Fadia’s Tree review – Palestinian refugee’s plaintive yearning for a homeland

Fadia Labouni’s story is told in Fadia’s Tree
A great sadness … Fadia Labouni in Fadia’s Tree. Photograph: Film PR handout undefined

Artist and film-maker Sarah Beddington makes her feature documentary debut with this record of her friendship with Fadia Loubani, a Palestinian woman in Bourj el-Barajneh in Beirut, one of the 58 UN refugee camps. Loubani’s story is fraught with drama and sadness: when she was a much younger woman – and a widow – her extended family had the chance to get refugee status and EU citizenship in Denmark, but bureaucratic qualifications meant her children would only be eligible if she sent them on alone without her.
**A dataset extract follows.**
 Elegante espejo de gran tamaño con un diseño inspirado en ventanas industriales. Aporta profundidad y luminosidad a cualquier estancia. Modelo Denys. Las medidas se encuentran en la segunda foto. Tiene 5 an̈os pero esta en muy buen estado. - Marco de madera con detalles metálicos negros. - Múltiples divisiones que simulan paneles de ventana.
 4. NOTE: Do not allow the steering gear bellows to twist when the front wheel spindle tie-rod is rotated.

She chose instead to keep them with her, closer to that yearned-for Palestinian homeland which is just a few miles away but behind grim barriers.

Loubani’s friendship with Beddington is complicated by history (someone on camera here is annoyed to hear that she is British, on account of the British Mandate and the Balfour Declaration) but she tells Beddington about her family’s home village of Sa’Sa’, right on the Lebanese border, and the family legend of a mulberry tree near their house. It becomes Beddington’s mission to locate this tree on her behalf. The story of Fadia’s tree (perhaps inspired by Eran Riklis’s 2008 film Lemon Tree) is interleaved with thoughts on birds: the Palestinian ornithologist Sami Backleh is interviewed and the film ponders the freedom of birds to go where they like, to ignore the walls and barriers below, and indeed to alight in whatever trees they want.

There is a great sadness and a great frustration in this film, despite the plaintive happiness with which Loubani greets hopeful news of her tree. It’s a film that sets anger and to some extent politics to one side in favour of a sombre, supportive, emotional portrait.

• Fadia’s Tree is released on 5 August in cinemas.